__Data segment__
::::::::
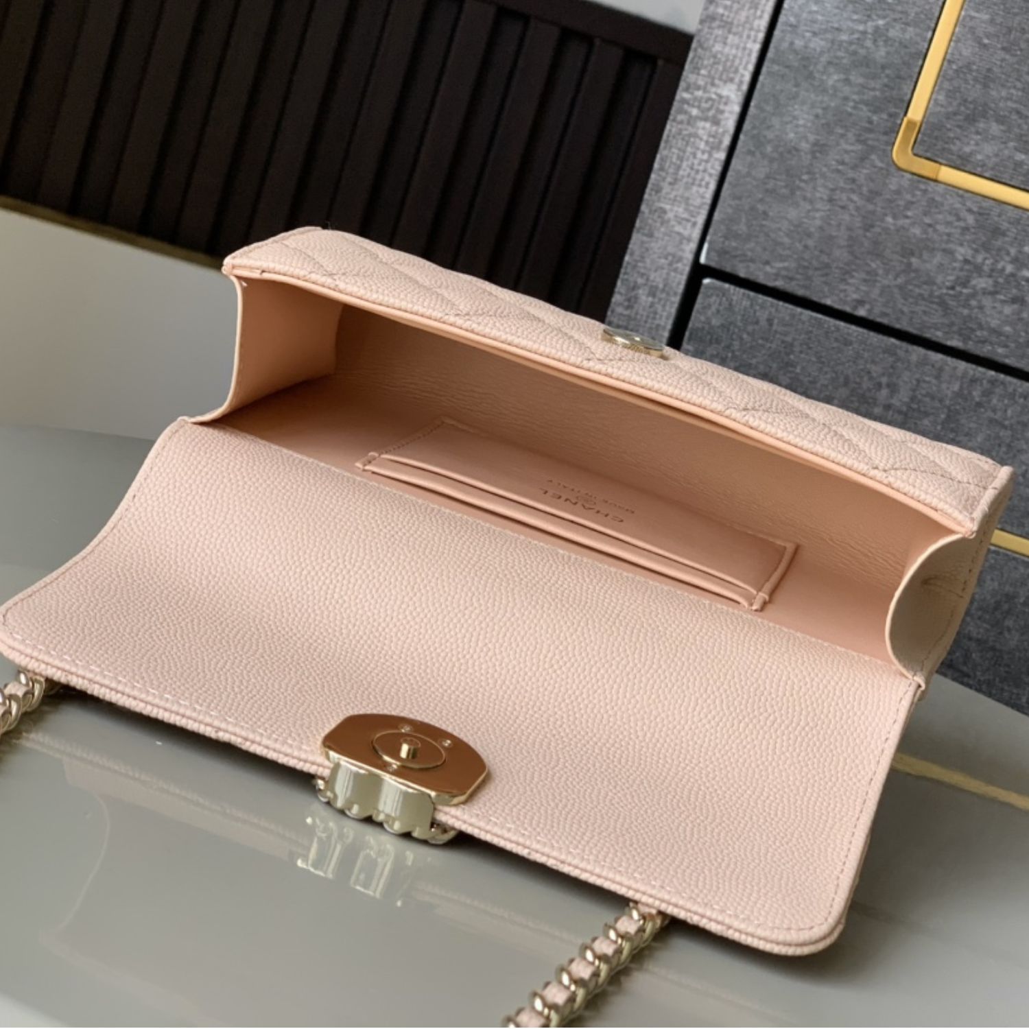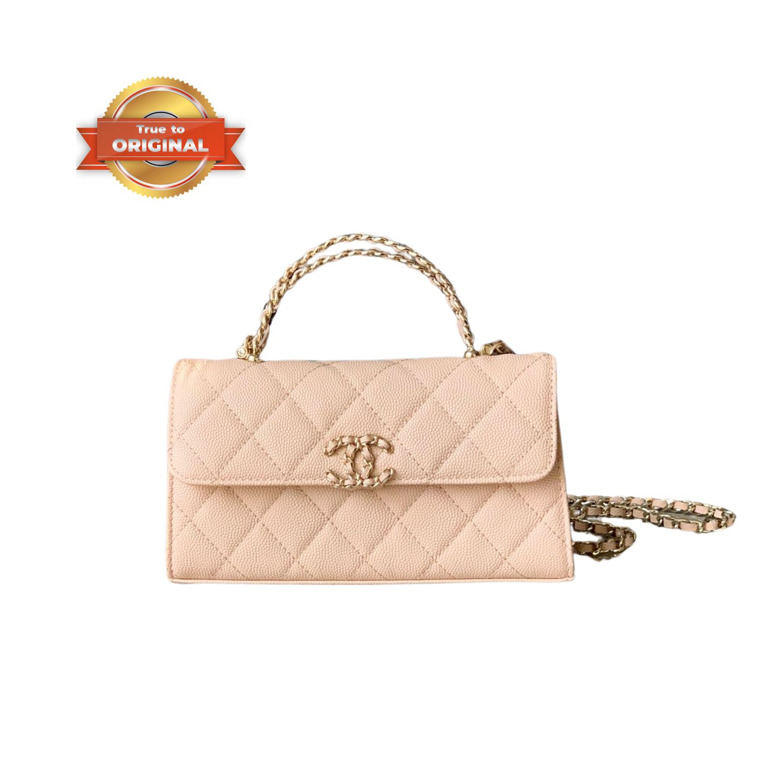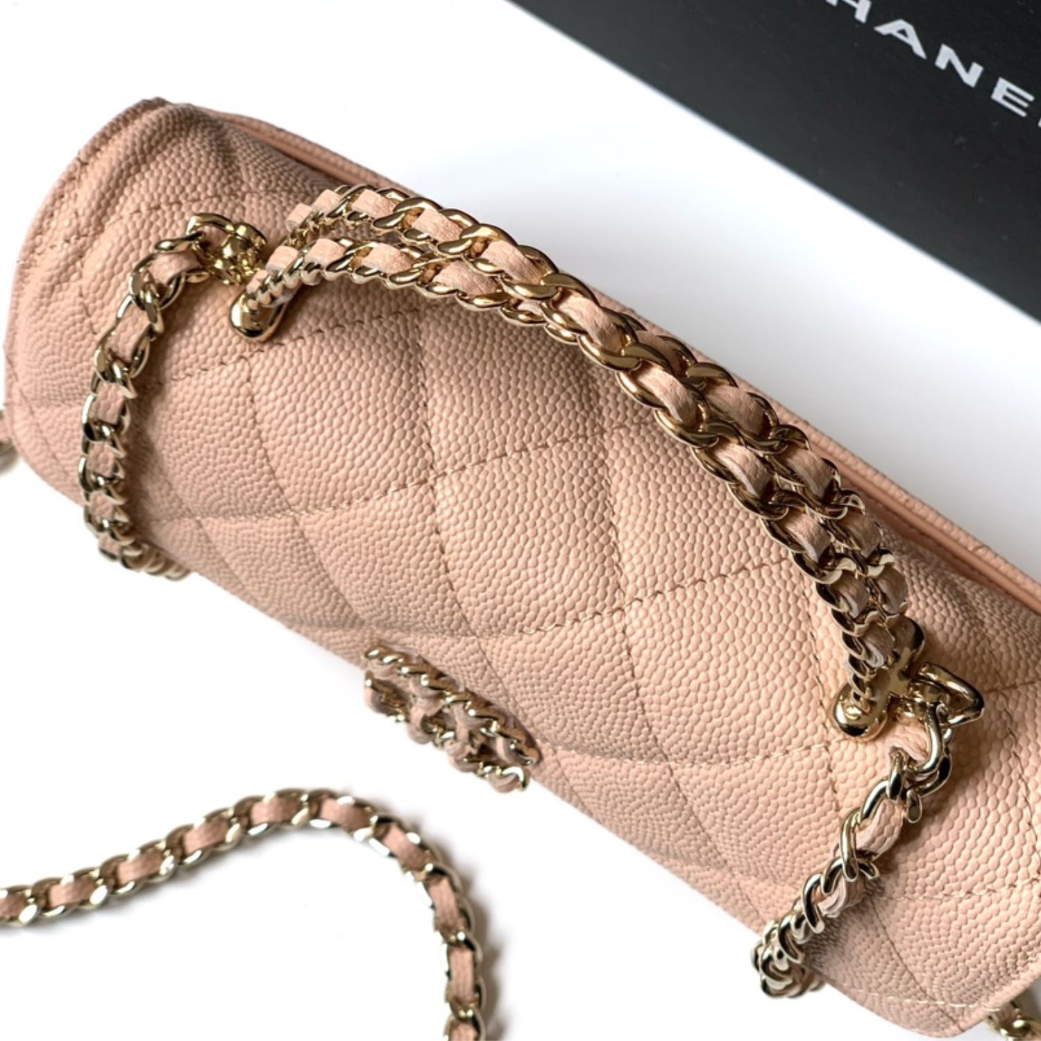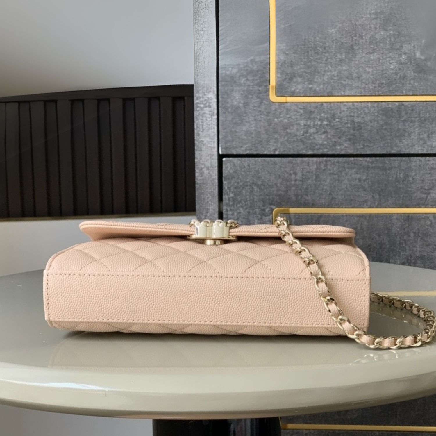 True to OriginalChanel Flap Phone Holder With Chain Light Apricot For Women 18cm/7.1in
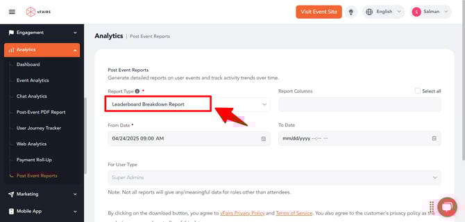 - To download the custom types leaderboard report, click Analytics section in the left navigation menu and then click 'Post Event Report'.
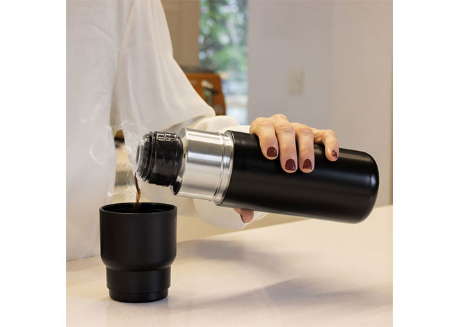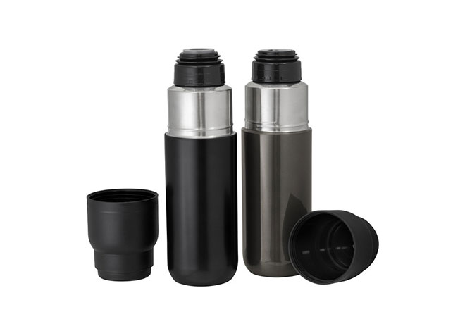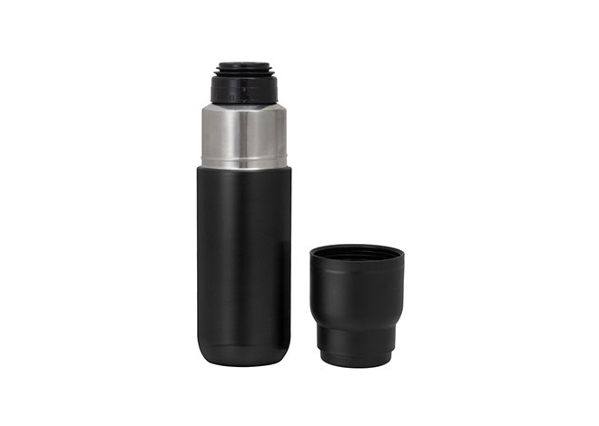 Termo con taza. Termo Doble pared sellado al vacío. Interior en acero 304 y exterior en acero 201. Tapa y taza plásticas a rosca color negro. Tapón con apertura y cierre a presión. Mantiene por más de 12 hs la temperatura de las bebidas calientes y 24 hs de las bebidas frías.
::::::::
__Your goal__
Could the data be reproduced exactly, with the pictures omitted?

__Output for this exercise__
 True to OriginalChanel Flap Phone Holder With Chain Light Apricot For Women 18cm/7.1in
 - To download the custom types leaderboard report, click Analytics section in the left navigation menu and then click 'Post Event Report'.
 Termo con taza. Termo Doble pared sellado al vacío. Interior en acero 304 y exterior en acero 201. Tapa y taza plásticas a rosca color negro. Tapón con apertura y cierre a presión. Mantiene por más de 12 hs la temperatura de las bebidas calientes y 24 hs de las bebidas frías.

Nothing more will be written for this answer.